Prompt - From the records that follow, return exactly the lines beginning at the one that contains "-. Binding : Office" and ending at the one that contains "使用Red Giant的Trapcode Particular插件来创建粒子火花效果。", pictures left out.

Records to process -
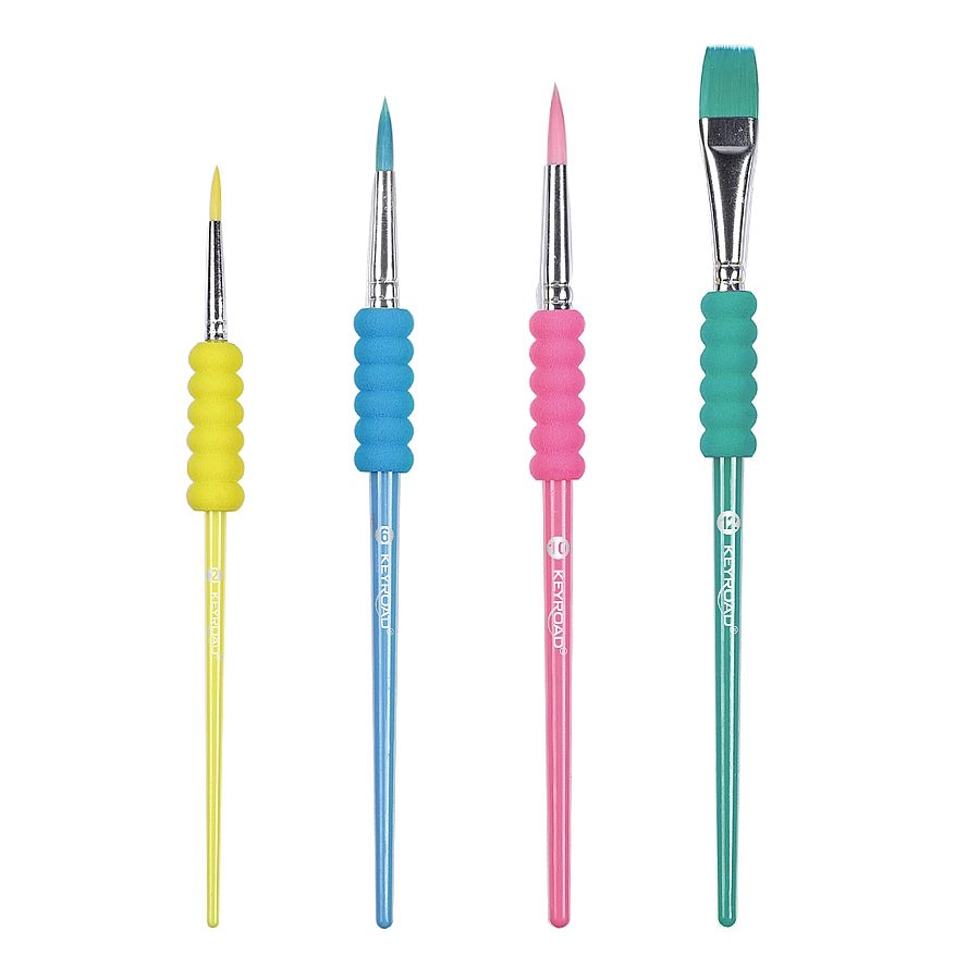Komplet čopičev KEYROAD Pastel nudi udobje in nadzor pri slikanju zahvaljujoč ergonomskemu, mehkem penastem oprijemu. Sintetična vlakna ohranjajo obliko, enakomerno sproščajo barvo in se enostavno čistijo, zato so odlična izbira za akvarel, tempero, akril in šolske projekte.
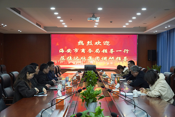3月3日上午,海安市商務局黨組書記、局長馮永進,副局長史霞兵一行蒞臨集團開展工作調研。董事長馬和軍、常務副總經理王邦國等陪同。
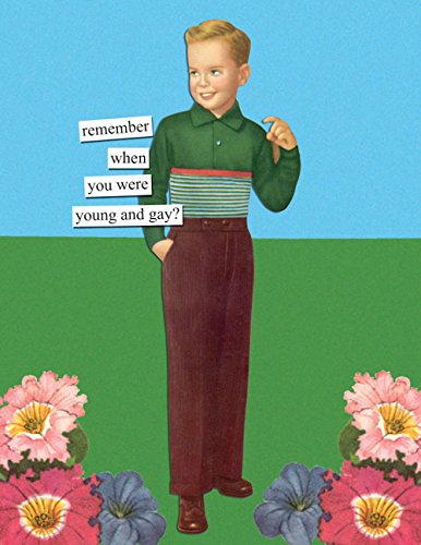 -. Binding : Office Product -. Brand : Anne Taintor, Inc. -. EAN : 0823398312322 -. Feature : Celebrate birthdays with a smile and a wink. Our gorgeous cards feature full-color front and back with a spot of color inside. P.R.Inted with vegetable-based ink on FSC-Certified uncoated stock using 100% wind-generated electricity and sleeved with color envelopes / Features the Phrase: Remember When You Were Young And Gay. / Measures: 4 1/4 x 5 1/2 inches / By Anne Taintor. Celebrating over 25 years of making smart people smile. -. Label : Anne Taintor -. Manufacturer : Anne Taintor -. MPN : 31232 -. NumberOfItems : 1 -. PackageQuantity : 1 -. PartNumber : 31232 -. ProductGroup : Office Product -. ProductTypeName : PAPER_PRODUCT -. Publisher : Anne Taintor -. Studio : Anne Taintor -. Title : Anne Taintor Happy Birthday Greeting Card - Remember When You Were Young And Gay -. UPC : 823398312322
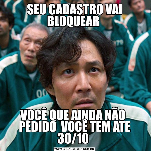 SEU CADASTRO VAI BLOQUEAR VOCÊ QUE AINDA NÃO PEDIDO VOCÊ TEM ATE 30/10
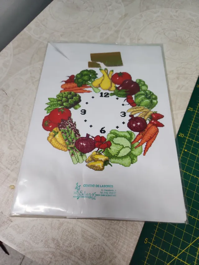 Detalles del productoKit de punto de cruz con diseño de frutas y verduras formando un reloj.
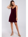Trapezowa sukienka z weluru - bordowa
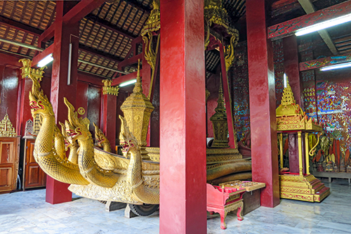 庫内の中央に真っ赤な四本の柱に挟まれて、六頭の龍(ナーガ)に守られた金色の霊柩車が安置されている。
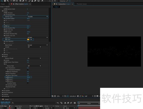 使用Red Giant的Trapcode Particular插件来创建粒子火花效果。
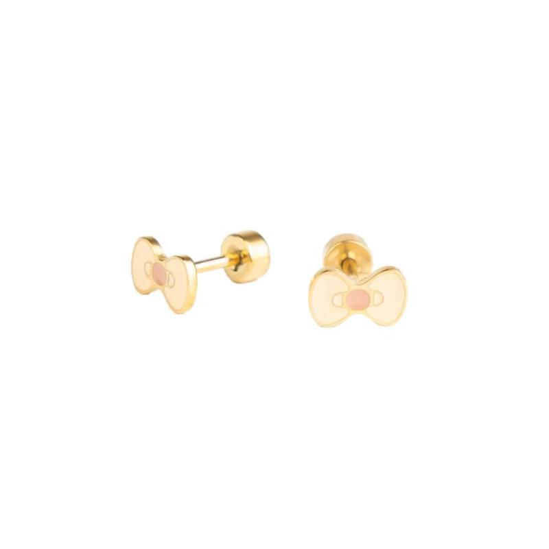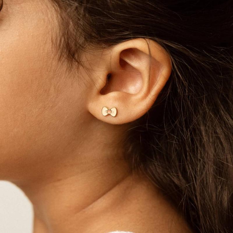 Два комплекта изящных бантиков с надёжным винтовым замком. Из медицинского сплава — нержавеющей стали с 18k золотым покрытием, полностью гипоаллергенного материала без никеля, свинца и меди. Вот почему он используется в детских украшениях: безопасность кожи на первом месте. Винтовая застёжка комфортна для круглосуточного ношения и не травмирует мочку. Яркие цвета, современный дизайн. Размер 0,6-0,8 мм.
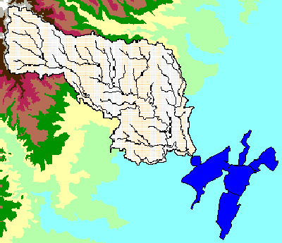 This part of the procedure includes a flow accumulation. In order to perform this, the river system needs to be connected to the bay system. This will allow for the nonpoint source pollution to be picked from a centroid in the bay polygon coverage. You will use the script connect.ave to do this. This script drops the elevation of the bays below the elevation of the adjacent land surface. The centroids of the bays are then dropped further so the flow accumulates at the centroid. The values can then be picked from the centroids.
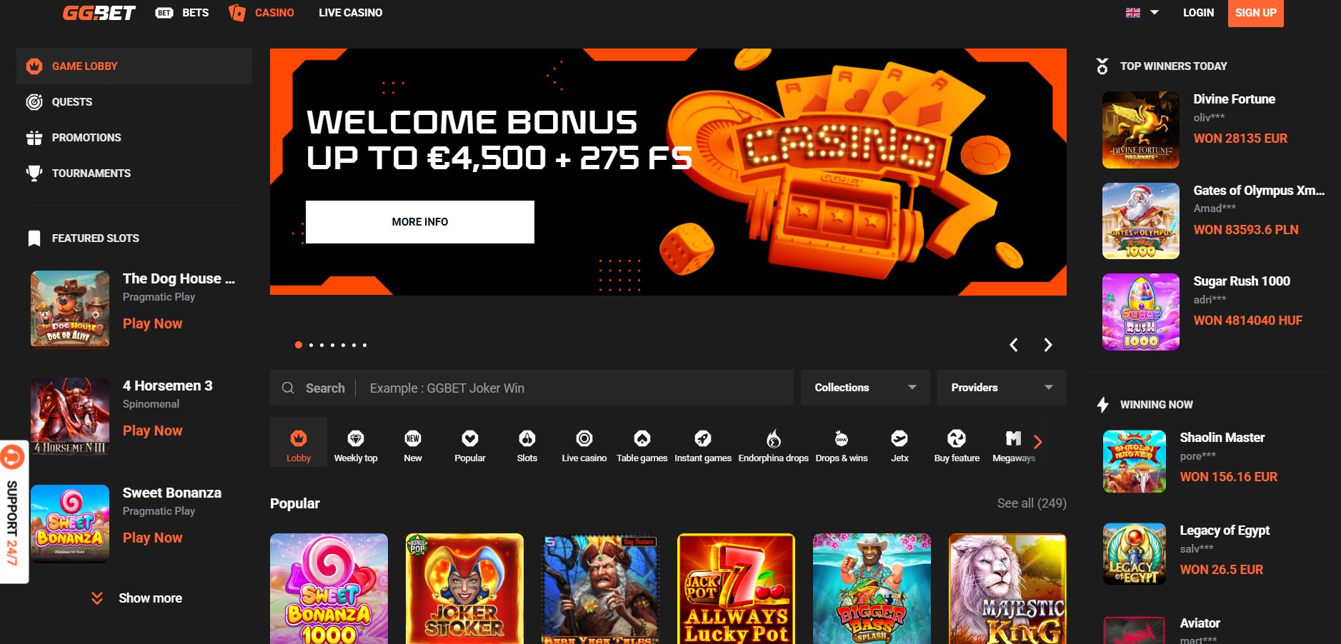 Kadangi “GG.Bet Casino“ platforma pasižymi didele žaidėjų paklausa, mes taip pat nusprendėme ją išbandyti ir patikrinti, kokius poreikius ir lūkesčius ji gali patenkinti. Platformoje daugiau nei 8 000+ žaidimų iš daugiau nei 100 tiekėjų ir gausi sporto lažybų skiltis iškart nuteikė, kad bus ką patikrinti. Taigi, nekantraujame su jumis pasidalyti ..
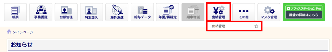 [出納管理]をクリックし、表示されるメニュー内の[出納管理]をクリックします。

Task solution -
 -. Binding : Office Product -. Brand : Anne Taintor, Inc. -. EAN : 0823398312322 -. Feature : Celebrate birthdays with a smile and a wink. Our gorgeous cards feature full-color front and back with a spot of color inside. P.R.Inted with vegetable-based ink on FSC-Certified uncoated stock using 100% wind-generated electricity and sleeved with color envelopes / Features the Phrase: Remember When You Were Young And Gay. / Measures: 4 1/4 x 5 1/2 inches / By Anne Taintor. Celebrating over 25 years of making smart people smile. -. Label : Anne Taintor -. Manufacturer : Anne Taintor -. MPN : 31232 -. NumberOfItems : 1 -. PackageQuantity : 1 -. PartNumber : 31232 -. ProductGroup : Office Product -. ProductTypeName : PAPER_PRODUCT -. Publisher : Anne Taintor -. Studio : Anne Taintor -. Title : Anne Taintor Happy Birthday Greeting Card - Remember When You Were Young And Gay -. UPC : 823398312322
 SEU CADASTRO VAI BLOQUEAR VOCÊ QUE AINDA NÃO PEDIDO VOCÊ TEM ATE 30/10
 Detalles del productoKit de punto de cruz con diseño de frutas y verduras formando un reloj.
Trapezowa sukienka z weluru - bordowa
 庫内の中央に真っ赤な四本の柱に挟まれて、六頭の龍(ナーガ)に守られた金色の霊柩車が安置されている。
 使用Red Giant的Trapcode Particular插件来创建粒子火花效果。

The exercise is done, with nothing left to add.